I finally finished … skate.

Sometimes I first play a game years, or even decades, after its release. Other times I get partway through a game, get distracted, and then revisit it years later. Calling any discussion of a long-lived or dormant game either a “review” or an “impression” feels incorrect, so the more literal title wins out. (However, I’m going to use “finished” to mean “finished by my own standards”, rather than 100% completed). 

Going from my first recorded achievement date in 2014, to completing the career mode yesterday, I took 6 years and 1 month to complete skate … somehow I doubt this is the worst offender on my backlog!

So how well did skate hold up? Was it still enjoyable in 2020?

Three things make skate interesting to me; its control system, its skate-video camera style, and its UI. In skate’s “flick-it” system, the right analogue stick roughly resembles the way a skater’s feet move. Pulling down the right stick then flicking it up approximates the “pop” of an ollie, while sweeping motions flip the board horizontally and flicking motions flip the board vertically.

Carrying out tricks feels satisfying in this system. Flipping out of a grind then precisely landing in a manual to continue my line was just one of the motions that initially required a lot of practice but later became a reliable part of my toolbox of tricks. However, differentiating between tricks with similar inputs can be difficult. For example, the stick inputs for a Laser Flip and an Inward Heelflip are millimetres apart. This is only an issue for me during the Pro S.K.A.T.E challenges, which involve copying another skater trick-for-trick. I often fail here because I move the analogue stick too close to the edges of its range of motion, so many attempts to perform specific flips result in mere Pop-Shuvits.

Another aspect of skate I really enjoy is itfocus on not just skaters but filmers. skate looks and feels like playing through a skating video. skate‘s conceit is that the protagonist is always accompanied by cameraman Reda, and the player is seeing the view from Reda’s camera. It creates this atmosphere by using a video-esque camera view; low to the ground, angled, and similar to a fish-eye lens. I always got used to this style after a few minutes, but for many people the camera was a deal-breaker. That’s probably why this aspect of the game was toned down, and players had more freedom to adjust the camera angle, in the subsequent games.

Much of the UI supports the film analogy; loading screens resemble a tape display, while restoring your previous setpoint is accompanied by the visual effect and sound of rewinding a tape. Reda’s dialogue refers to a tape rolling when a challenge starts, and to cutting the tape after a success.
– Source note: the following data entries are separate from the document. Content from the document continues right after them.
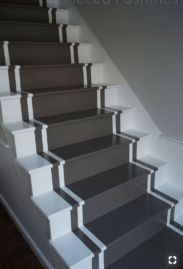 Instead of a carpet runner, paint a wide stripe down the center of each stair and down onto the risers to create a sleek runner from top to bottom.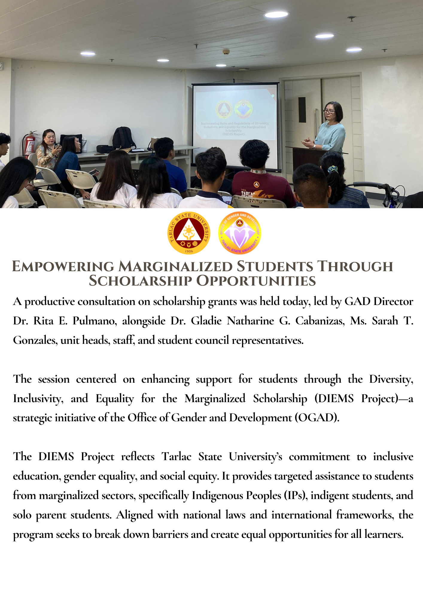 Tarlac State University Launches DIEMS Project for Marginalized Students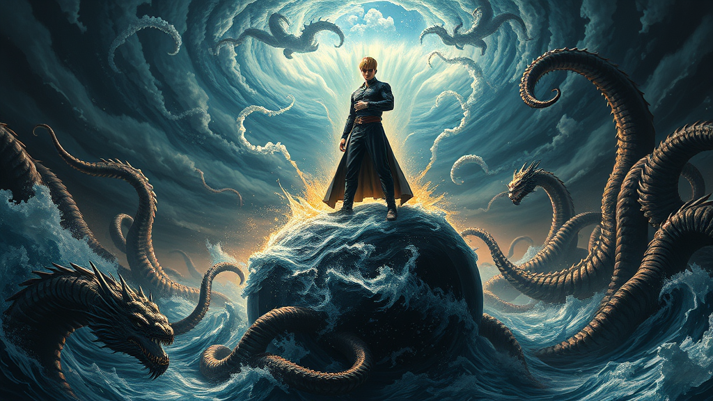 Hyper realistic fantasy depiction of One Punch Man standing atop a gigantic tornado on a black canvas, gazing intensely at the viewer, surrounded by unfathomable depth and texture of a stormy marine landscape swarming with ferocious sea dragons and colossal tentacles, rendered in exquisite close-up detail, using dolly kei techniques to create a sense of dynamic movement, with an emphasis on expressive and hyper detailed styling, adhering to niji 5 color palette constraints and a cinematic 4:7 aspect ratio, created with a diary volume of 180.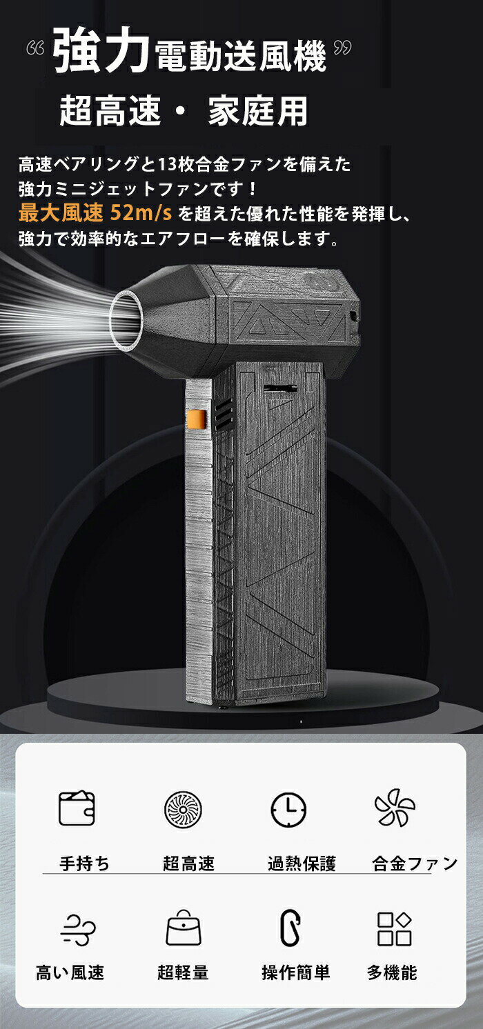 夏の対策 洗車 雪対策 ミニジェットファン ハイパワー 強力扇風機 電動送風機 ブロワー 強力 ターボジェットファン エアダスター ペットドライヤー 130000RPM 52M/S 8000mAh 送風機 ブロアー ジェットブロワー エアダスター 除雪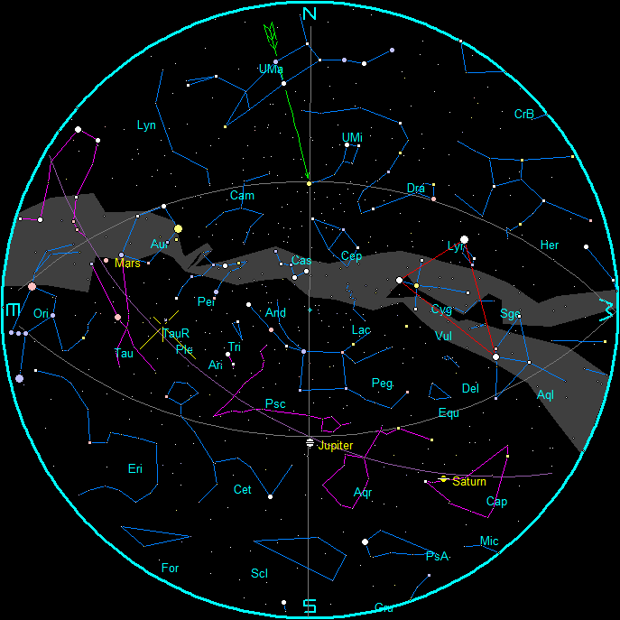• TauR on the evening star chart can be used as the radiant for the North and South Taurid meteor showers.

skate also experiments with colour temperature, modifying its environment based on your skating performance in the moment.  When you are skating without performing any tricks, the environment has a cold blue-grey tone. When you are on top form, with a 3x multiplier, the environment is warm and brilliantly lit. While many players found the shifting colour tones annoying, many others, like me, found the style engaging. Having your “flow” visually change your environment creates a minor version of the sensory blending that’s usually reserved for music games, and applying this to a sports game is unusual.
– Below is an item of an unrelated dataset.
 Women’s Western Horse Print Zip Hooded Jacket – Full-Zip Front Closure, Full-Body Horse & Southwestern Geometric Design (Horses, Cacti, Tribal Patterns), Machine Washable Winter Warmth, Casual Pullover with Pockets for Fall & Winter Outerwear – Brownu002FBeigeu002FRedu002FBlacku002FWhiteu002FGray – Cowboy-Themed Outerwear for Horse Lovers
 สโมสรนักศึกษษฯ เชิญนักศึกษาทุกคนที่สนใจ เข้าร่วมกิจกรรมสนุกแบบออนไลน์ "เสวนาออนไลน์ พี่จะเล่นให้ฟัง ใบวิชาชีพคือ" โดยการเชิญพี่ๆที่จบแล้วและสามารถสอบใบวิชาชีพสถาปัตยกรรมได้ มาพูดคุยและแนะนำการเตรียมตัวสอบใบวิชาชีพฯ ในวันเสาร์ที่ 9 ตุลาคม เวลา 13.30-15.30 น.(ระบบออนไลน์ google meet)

However, skate falls flat for me in other parts of its visual design. Its take on the deliberately unpolished style of skate culture sometimes seems untidy or untested instead; the subtitles frequently lack capital letters and punctuation, for example. I also found some of the menus unintuitive. 

Finally, I appreciated how skate uses relatively grounded mechanics and environments but sets them inside a self-aware world. Pro skaters, event announcers, and Reda all break the fourth wall frequently and discuss being inside a videogame. This approach is subtler than the full-on chaos of skate 3, and its effect is more interesting to me than either complete seriousness or complete surreality.

Overall

I came back to skate after buying Session on Xbox Game Preview. I knew that I’d find switching between two games with the same subject matter but with such mechanically different controls to be frustrating, so completing skate first seemed sensible.
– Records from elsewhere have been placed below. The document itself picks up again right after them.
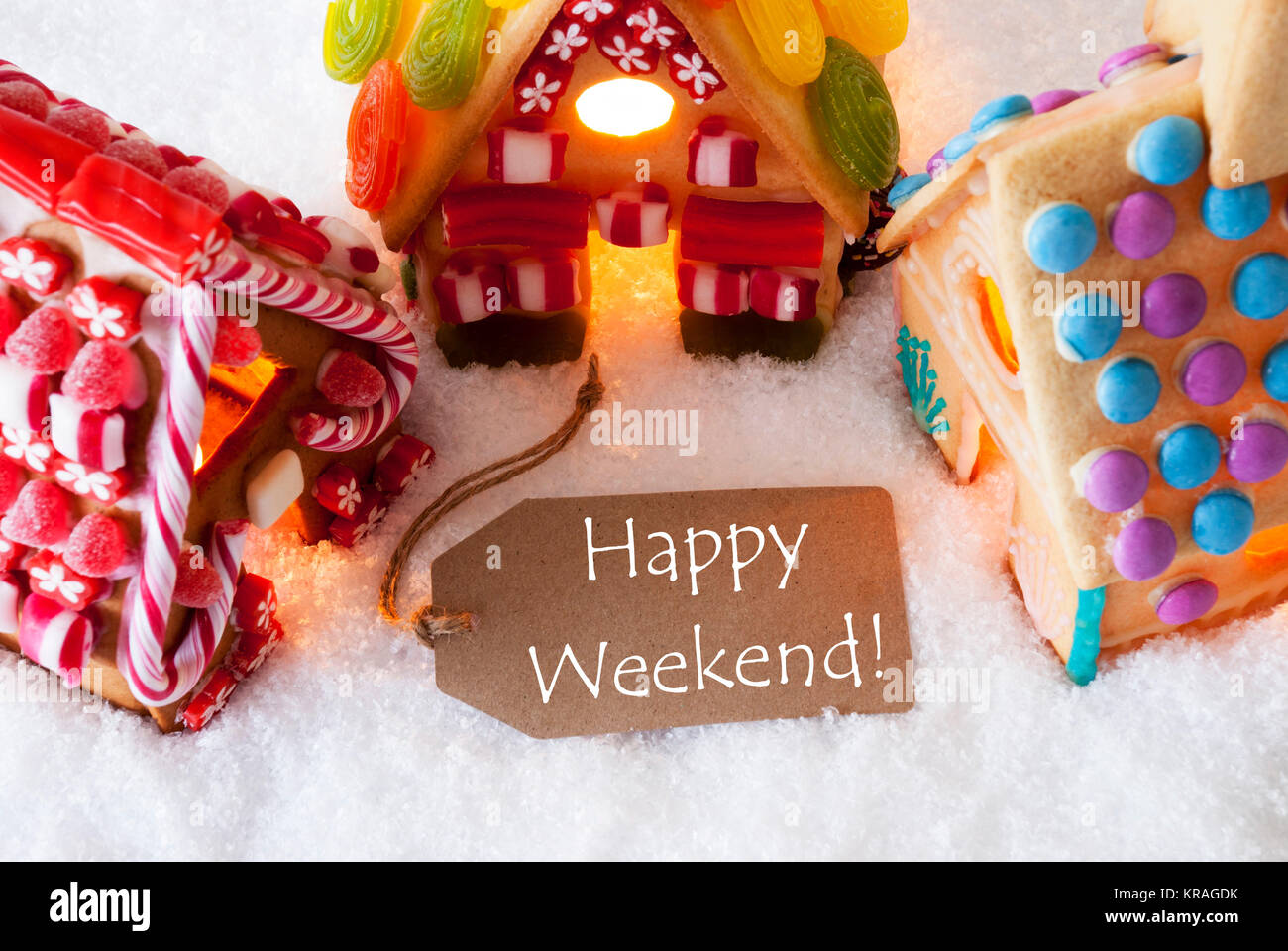 Etichetta Con Testo In Inglese Happy Weekend Coloratissima Casa Di Panpepato Sulla Neve Scheda Di Natale Per I Migliori Auguri Di Buon Natale Foto Stock Alamy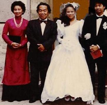 Mrs. Lê Nguyệt Hồ - her husband Trần Văn Trạch with their daughter Hà on her wedding day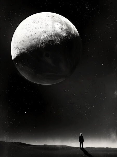This black and white image depicts a person standing on the lunar surface, gazing at the enormous and mysterious moon. The starry sky is silent and vast, conveying a sense of solitude and awe, highlighting the smallness of humans in the infinite expanse of the universe.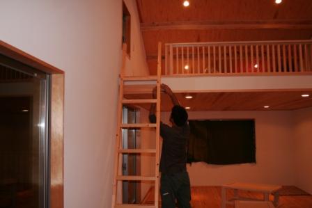 引き渡しは24日と決まり、佐藤大工が収納スペースへ上る梯子を造ったり、残っている細かいところの施工をしました。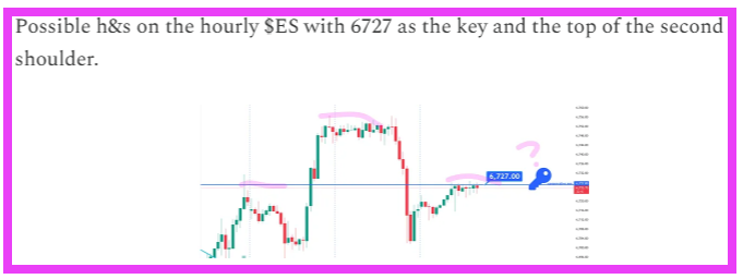 The next great day-trade setup was from the top of the second of a h&s formation on the hourly the next day. We caught the top of the second shoulder with ease:

It also seemed fitting given that the approach and controls of the skate series inspired both Session and Skater XL. Both games have been described as “spiritual successors” to the skate series. Arguably, the success of skate has influenced the entire landscape of skateboarding games.

In my opinion, skate is still fun and still worth playing today. It’s definitely flawed; its physics are glitchy at times, its career mode is minimal, and its menu and map design is divisive. However, its core gameplay still holds up well, and its a game which took risks and tried new ways to portray a genre. The most polarising element of skate – its focus on feeling like a skating video – shows how studios can successfully start again from the roots of a genre, and test new ideas which go against genre conventions. skate‘s unique style makes it a bold experiment that’s worth exploring. 


P.S. A new skate game was announced at E3 just hours after I completed the career yesterday … I’m curious about whether this new skate will take a simulation route, whether it will extend the arcade nature of skate 3, or whether it might take the same “back to the drawing board” approach as skate.